▶ [TASK GOAL]
From the line that contains "GOPLUS Scaletta Pieghevole" through the closing line of the entries, write out each line exactly; pictures stay out.

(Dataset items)
****************

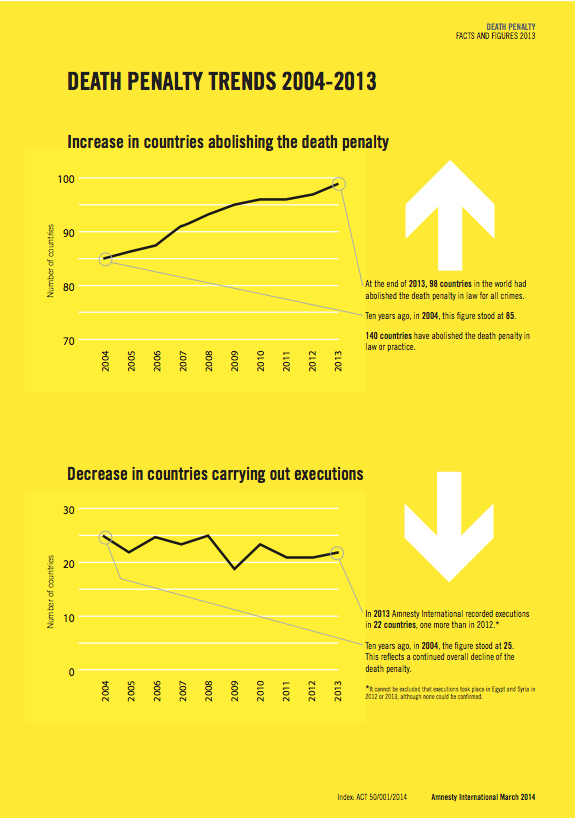 Amnesty International recently released its annual report on capital punishment around the world, noting, “Developments in the worldwide use of the death penalty in 2013 confirmed that its application is confined to a small minority of countries.” As illustrated in the chart at left, over the past decade there has been an increase in the number of countries abolishing the death penalty and a decrease in countries carrying out executions. Because executions in China remain a state secret, Amnesty was not able to determine the number of executions worldwide. Of the known executions, almost 80% occurred in just three countries: Iran, Iraq, and Saudi Arabia. Twenty-two countries recorded executions last year. No executions were carried out in Europe or Central Asia. The United States remained the only country in the Americas to carry out executions and had the fifth most executions of any country in the world. (Information from Syria and Egypt could not be confirmed.)
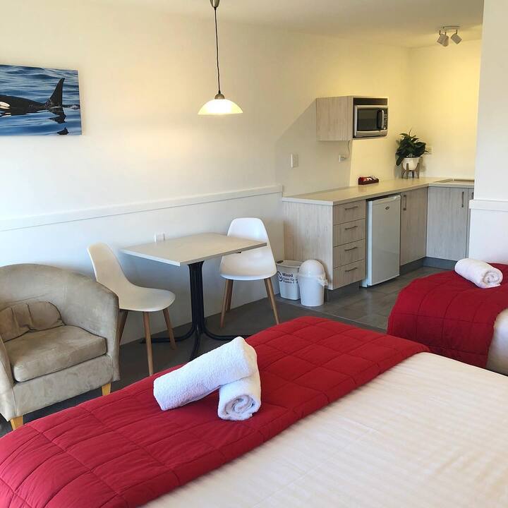 Queen bed units - sleep 2 to 3 in living area, Sky TV, DVD, hairdryer, iron, cook top, microwave & fridge, dining table, bathroom.
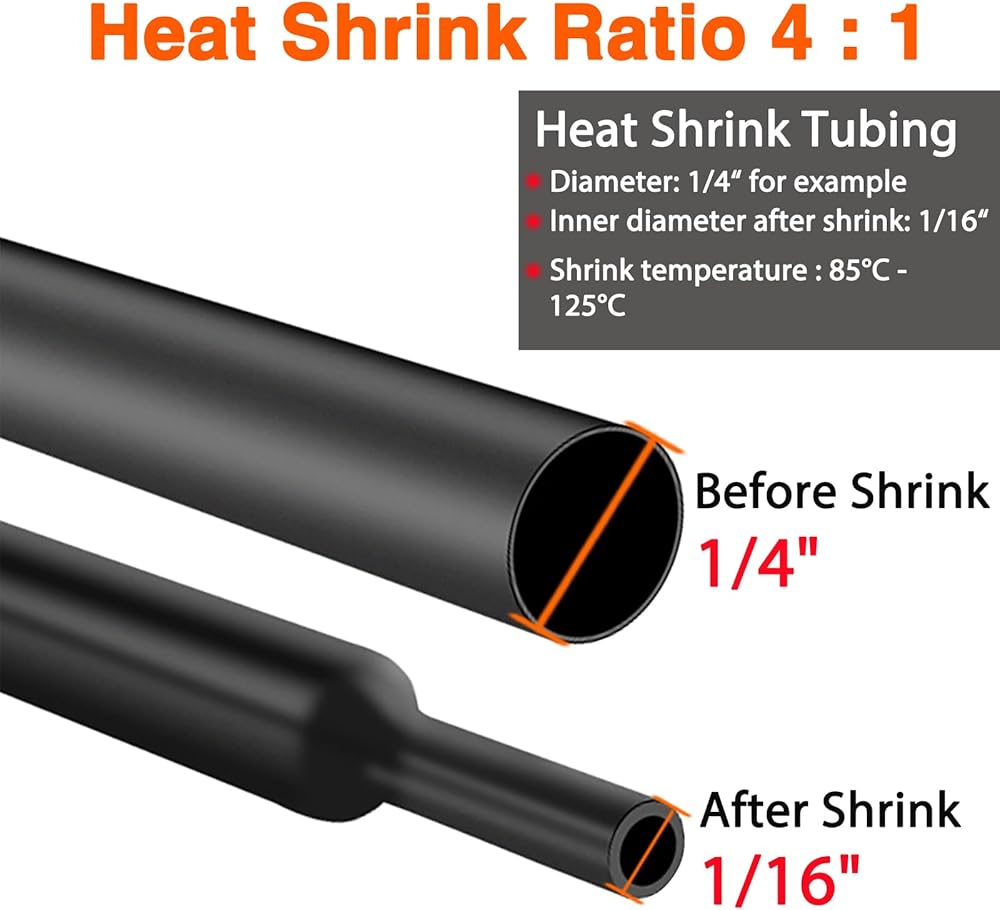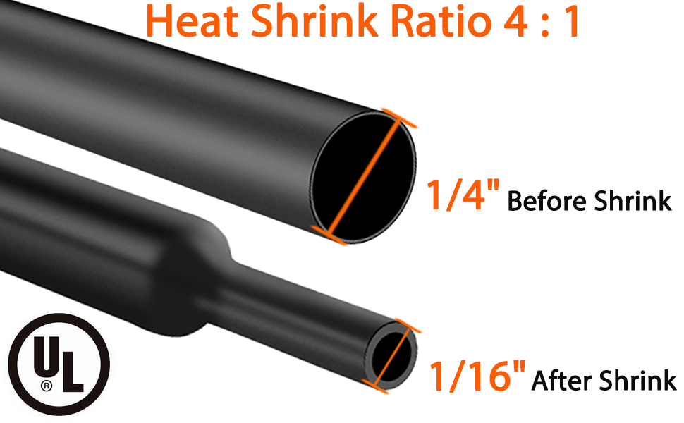 【مادة فاخرة ونسبة انكماش 4:1】: أنبوب الانكماش الحراري الصناعي الخاص بنا مصنوع من مادة البولي أوليفين عالية الجودة، ومعتمدة من شهادة UL. تعمل أنابيب الانكماش الحراري العازلة 4:1 على حل مشكلة عدم الانكماش بنسبة 2:1 بشكل محكم بما فيه الكفاية كما أن لديها نسبة انكماش أعلى من 3:1، ويمكن للأنابيب الصديقة للبيئة أن تنكمش حتى 1/4 من قطرها الأصلي وتوفر إغلاقًا محكمًا. لعزل طويل الأمد.
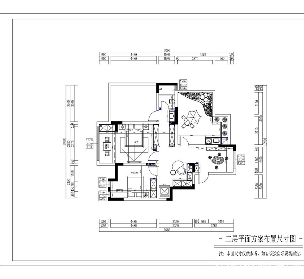 二楼整体空间划分不明确,过道位置空间面积过大,将入户口做成休闲区域,不仅解决空间浪费问题,还增加了休闲空间,起到画龙点睛的作用。
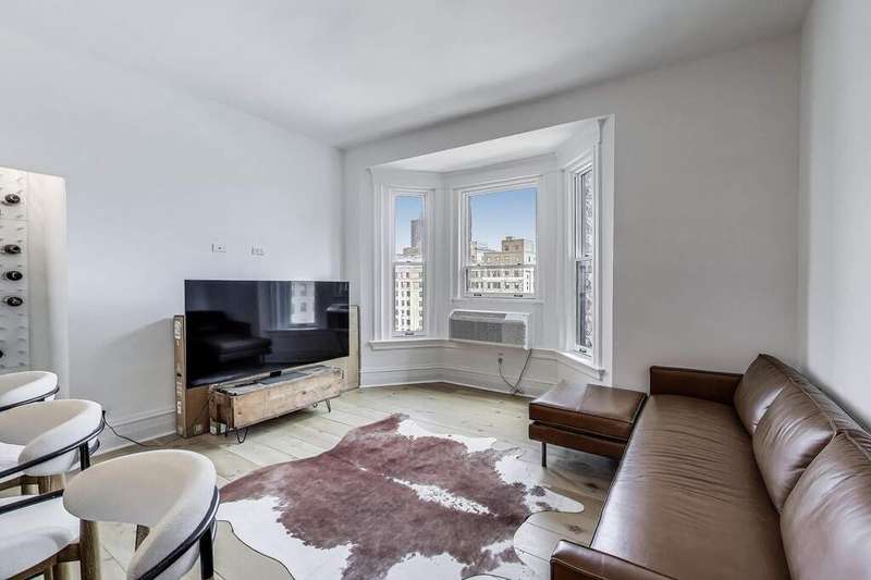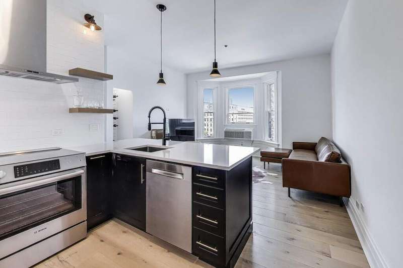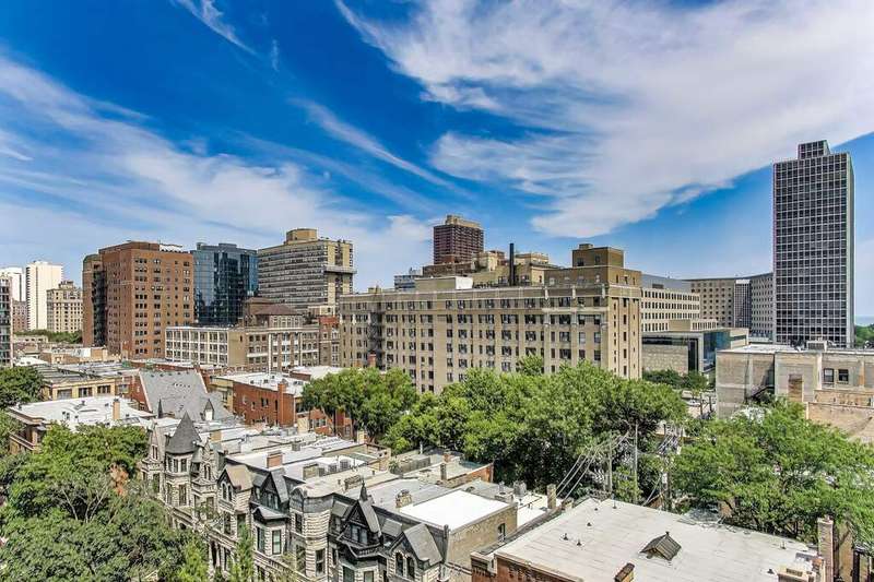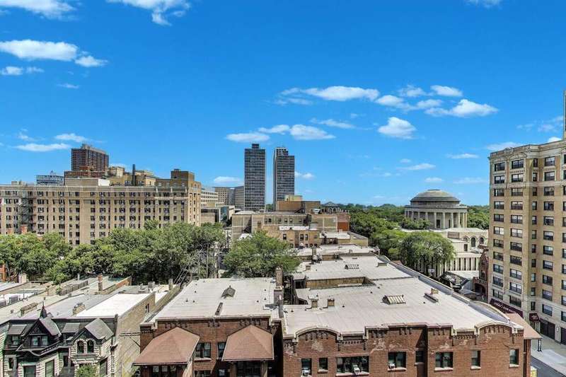 Iconic Landmark Living in Lake View East - Perched on the top floor of the historic Brewster Building, this completely remodeled 2-bedroom, 1-bath condo blends timeless charm with sophisticated modern updates. Soaring 10-foot ceilings and sunny eastern exposure fill the space with natural light, offering glimpses of Lake Michigan and surrounding architectural treasures. The stunning open-concept kitchen is a showstopper-featuring a full Bosch appliance suite, Quartz Calacatta Montage countertops, Studio41 Omega custom cabinetry, undermount lighting, and a vented hood/range. The spa-like bath has been reimagined with a floating frameless glass shower panel, floor-to-ceiling subway tile, striking ebony hexagonal floor tile, Kohler fixtures, and a new modern vanity and toilet. Other notable upgrades include: All-new plumbing and electrical, Wide-plank light oak flooring with soundproof underlayment, New Pella windows, Tankless hot water heater. This unique residence is housed within one of Chicago's most architecturally significant buildings, featuring a stately rusticated stone and terra cotta facade, stunning internal iron staircases, a European-style cage elevator, glass-block catwalks, common laundry facilities, bike room, storage, and on-site management with door staff. Located in vibrant Lake View East, you're just steps from shopping, dining, entertainment, public transit, and the lakefront. Don't miss your chance to own a piece of Chicago history with all the comforts of modern living.
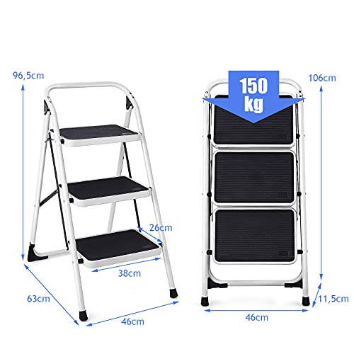 GOPLUS Scaletta Pieghevole in Ferro con 3 Gradini Antiscivolo, Scala Portatile e Leggera, Scaletta Domestica con Grande Portata di 150 kg, Perfetta per Casa e Ufficio, 63 x 46 x 96,5 cm
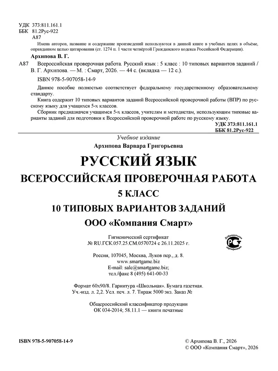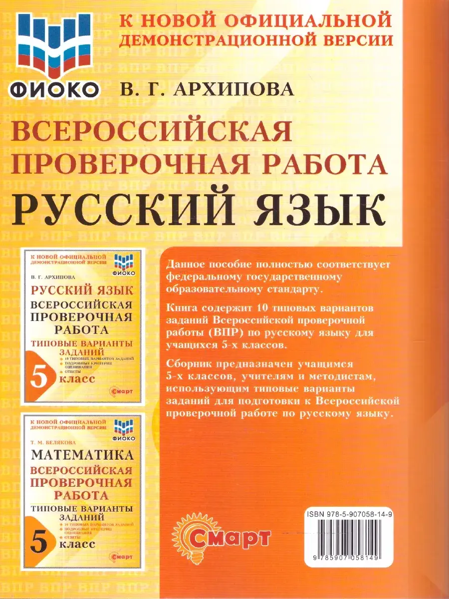 ВПР 5 класс русский язык. Пособие полностью соответствует федеральному государственному образовательному стандарту. Содержит 10 типовых вариантов заданий Всероссийской проверочной работы (ВПР) по русскому языку для учащихся 5-х классов. Сборник предназначен учащимся 5-х классов, учителям и методистам, использующим типовые варианты заданий для подготовки к Всероссийской проверочной работе по русскому языку. В одном варианте 5 заданий.
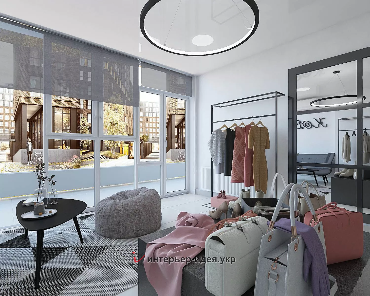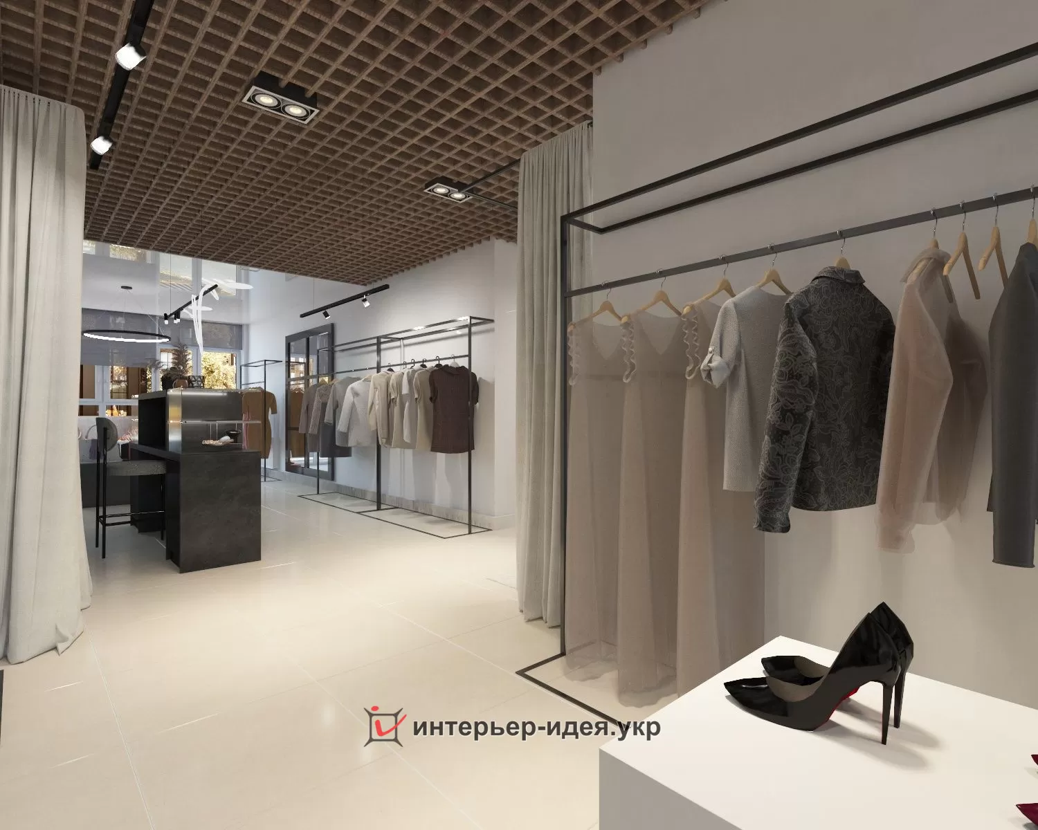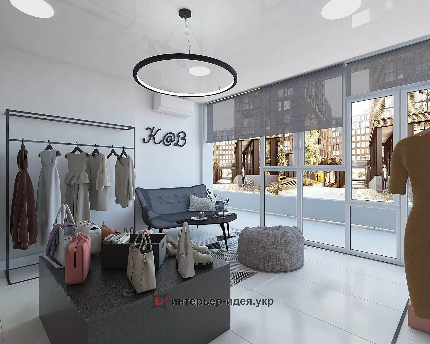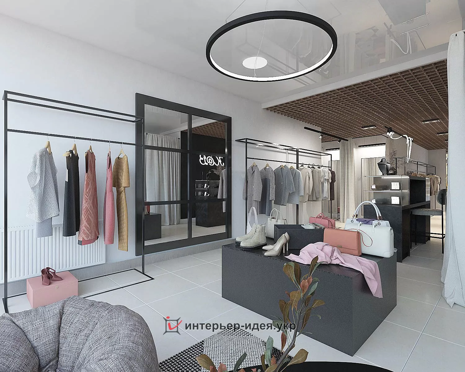 Молода замовниця звернулася з проханням оформити дизайн магазину одягу. Замовниця мала повне уявлення, що їй хотілося б отримати на виході, плюс початкові дані приміщення, яке вона зняла в оренду, відповідали її вимогам

****************

▶ [EXERCISE ANSWER]
 GOPLUS Scaletta Pieghevole in Ferro con 3 Gradini Antiscivolo, Scala Portatile e Leggera, Scaletta Domestica con Grande Portata di 150 kg, Perfetta per Casa e Ufficio, 63 x 46 x 96,5 cm
 ВПР 5 класс русский язык. Пособие полностью соответствует федеральному государственному образовательному стандарту. Содержит 10 типовых вариантов заданий Всероссийской проверочной работы (ВПР) по русскому языку для учащихся 5-х классов. Сборник предназначен учащимся 5-х классов, учителям и методистам, использующим типовые варианты заданий для подготовки к Всероссийской проверочной работе по русскому языку. В одном варианте 5 заданий.
 Молода замовниця звернулася з проханням оформити дизайн магазину одягу. Замовниця мала повне уявлення, що їй хотілося б отримати на виході, плюс початкові дані приміщення, яке вона зняла в оренду, відповідали її вимогам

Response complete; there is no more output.